* _Assigned task_
Starting at the first line of the data, print each line verbatim up to and including the line bearing "不过相比第一代Mavic Pro,Mavic 2", omitting pictures.

* _Source data_
*-*-*

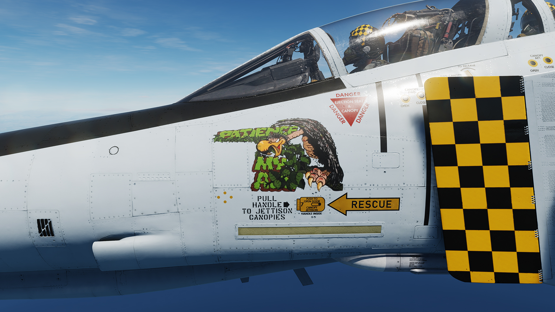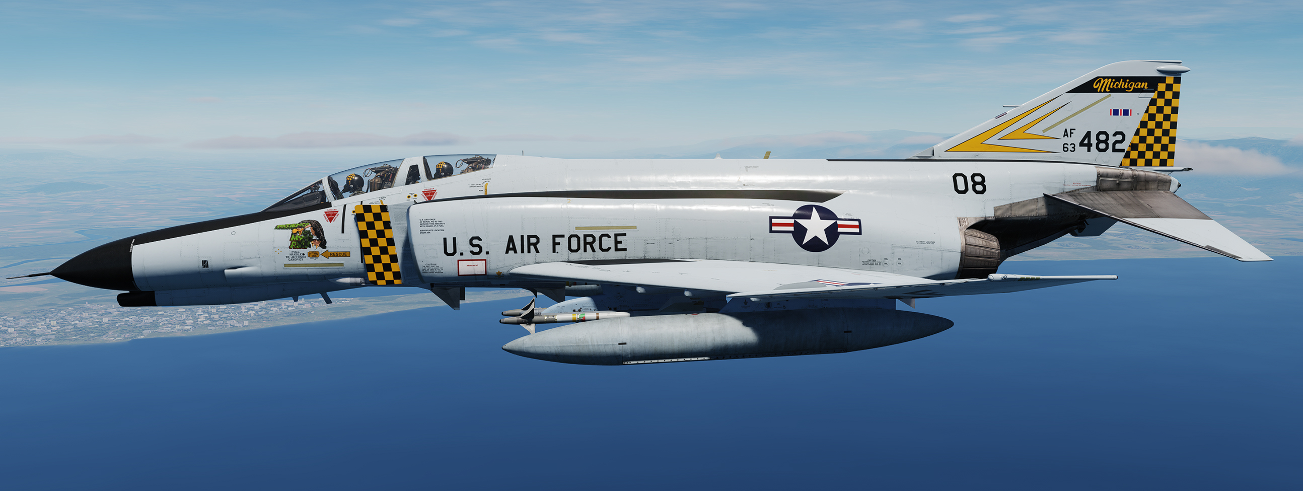 63-7482 "Patience My Ass" as it would of appeared in the early 80's while serving with Michigan Air National Guard's 171st Fighter Interceptor Squadron located at Selfridge Air Force Base. (Now Selfridge Air National Guard Base). In reality, the 171st flew F-4Cs, represented by the F-4E we have in DCS.
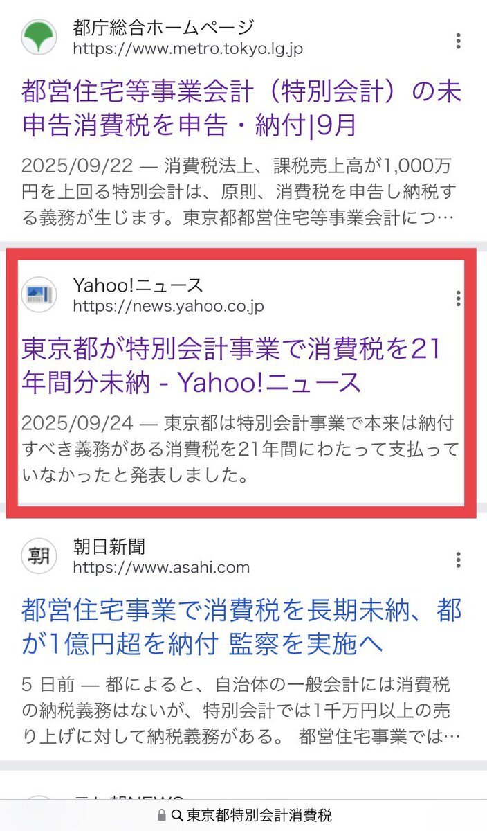 なんかね、 消されているのよYahoo!ニュースから🙄 他は表示されるんだけどね なぜかYahoo!だけ消えている🙄 #東京都 #消費税未納 #Yahooニュース
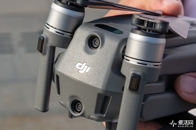 不过相比第一代Mavic Pro,Mavic 2 Pro上几乎是长满了“眼睛”,初代目只有前向的红外感应,到Mavic 2 Pro身上变成了前向双目、底部双目、后方双目、两侧单目和顶部红外的全方位距离感应,11个摄像头之多的感应装置构成了Mavic 2 Pro安全飞行的硬件基石。在机身的底部,Mavic 2 Pro甚至还增加了LED光源照亮机身下方的地面辅助降落,提高暗环境下降落的安全性。底灯通常只会在真的伸手不见五指的晚上启用,一般黄昏傍晚时分飞机降落都不需要补光。
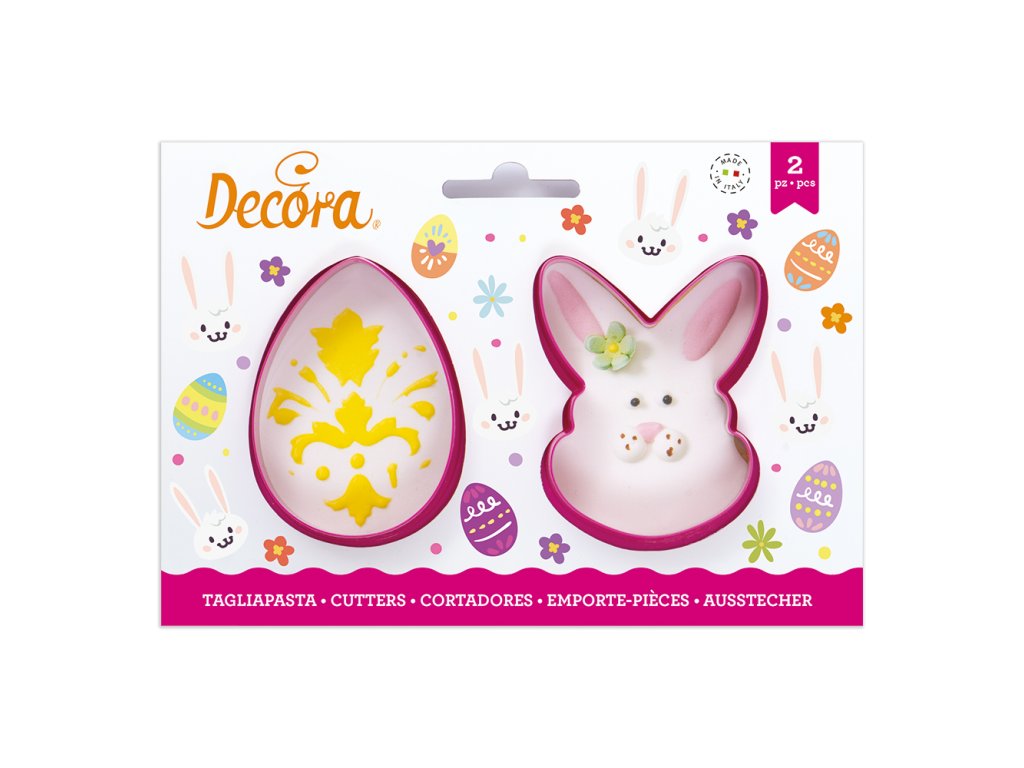 Sada vykrajovátek ve tvaru zajíčka a velikonočního vajíčka obsahuje 2 ks a je vyrobena z plastu. Výrobky z ní budou perfektně zdobit velikonoční dorty a zákusky. Je vhodná nejen na vykrajování z fondánu a marcipánu ale iz perníkových, Sušenkové nebo lineckého cest.

*-*-*

* _Your response_
 63-7482 "Patience My Ass" as it would of appeared in the early 80's while serving with Michigan Air National Guard's 171st Fighter Interceptor Squadron located at Selfridge Air Force Base. (Now Selfridge Air National Guard Base). In reality, the 171st flew F-4Cs, represented by the F-4E we have in DCS.
 なんかね、 消されているのよYahoo!ニュースから🙄 他は表示されるんだけどね なぜかYahoo!だけ消えている🙄 #東京都 #消費税未納 #Yahooニュース
 不过相比第一代Mavic Pro,Mavic 2 Pro上几乎是长满了“眼睛”,初代目只有前向的红外感应,到Mavic 2 Pro身上变成了前向双目、底部双目、后方双目、两侧单目和顶部红外的全方位距离感应,11个摄像头之多的感应装置构成了Mavic 2 Pro安全飞行的硬件基石。在机身的底部,Mavic 2 Pro甚至还增加了LED光源照亮机身下方的地面辅助降落,提高暗环境下降落的安全性。底灯通常只会在真的伸手不见五指的晚上启用,一般黄昏傍晚时分飞机降落都不需要补光。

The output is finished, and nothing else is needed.